Food supplies hadn’t yet become scarce in their part of the world, thanks to the copious rainfall through the summers, but eventually, even their food supplies would be compromised. Other parts of the world were little more than barren wastelands, either too arid or too swampy to grow crops. As food became more and more scarce, so would the animal population, and fresh meat would be hard to come by.

They no longer had the technology to use synthetic food sources, so as time went by, it would get harder and harder. Theirs might not be a dead world yet, but it was coming. The Warlords and Sirvani never remained in Ishtan. Once they got their supply of human flesh, they returned to their world and never stopped to think about what would happen if the demons continued to breed unchecked in Ishtan. Ishtan’s ecosystem hadn’t been created with demonkind in mind.

“We live now, but for how much longer, Eira? We’ll withstand this raid, and the next, and the next . . . but what about a few years down the road? We’ll start to starve. The snowcaps and rain still provide adequate water, but how much longer until the streams and rivers are as poisoned as the rest of the land?”

She had no answer for him, and dread lay in his belly like a jagged hunk of metal, cutting into him, weighing him down. The darkness that had been pushing at him for weeks felt like it was expanding, exploding. Like it was going to swallow him and everything around him whole.

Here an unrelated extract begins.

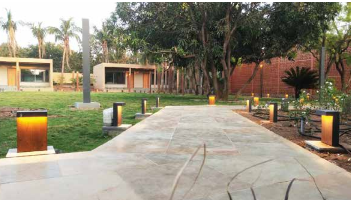
RELIANCE GIR, JUNAGADH, AHMEDABAD

Voice tight and raspy, he asked Eira, “We truly are running out of time, aren’t we?”

“Only the good Lord and his saints know the answer to that, Kalen. Time is of no consequence, though. If it is within our power to end this once and for all, it will happen when it is meant to and not according to some unseen timetable.”

She made it sound so simple, Kalen thought darkly. He turned back to look where the odd green lights continued to flicker sporadically in the sky. “Of no consequence,” he repeated.

Eira patted his shoulder. “Have heart, Kalen. We still live. While there is life, there is hope.” Then she hobbled off, leaving him alone to brood.

Kalen stared off into the bleak darkness. There was one simple, unsaid fact. As long as the gates existed, invaders from Anqar would continue to rain down holy hell on Kalen’s world.

There seemed to be only one solution: the Roinan Gate had to fall. It was the last remaining active gate that was strong enough to trigger the smaller gates throughout their world.

If the Roinan Gate fell . . . well, that was a hope that was actually worth believing in. If only they could figure how to make it happen.

Kalen found Lee sprawled facedown on his bunk, sleeping a deep, exhausted sleep. Her hair lay in a matted tangle around her shoulders and there wasn’t a visible inch that wasn’t dirty. Occasionally, a gentle, sighing kind of snore escaped her. Kalen lowered himself to the bunk, resting one hip on it as he brushed her hair back from her dirt-smudged face.

“Damn, Eira, what did you do to her?” he murmured.

A light touch on her mind showed him she was sleeping dreamlessly, so exhausted his touch never even stirred her.

He rose and moved down to her feet, grasping one narrow ankle in his hand and loosening the laces that held the oversized shoes on her feet. One of the supply runners had her measurements. He’d hit his sources and try to find her a pair of shoes that fit, but for now, she had to make do with the boots. He tossed them aside and rolled her socks down, wincing as he saw the nasty blisters forming on the back of her heel.

Damn it, what he wouldn’t give for them to be able to use the synthit. He could just program in her sizes, and in a matter of moments, the synthit would have her a set of clothes and shoes that fit, not just stuff she had to borrow. But they couldn’t use most of their machinery. The vibrations were like a siren’s song for the wyrms.

Smaller equipment wasn’t too much trouble; solar power was safe, but anything large-scale was downright hazardous. Even if it hadn’t been such a danger with the wyrms, they had to conserve their supplies. If he used the synthit for Lee, then when there was a real emergency, what they needed might not be there. He couldn’t take away from somebody who would need it more just because he didn’t want to see Lee’s feet bruised and bloody.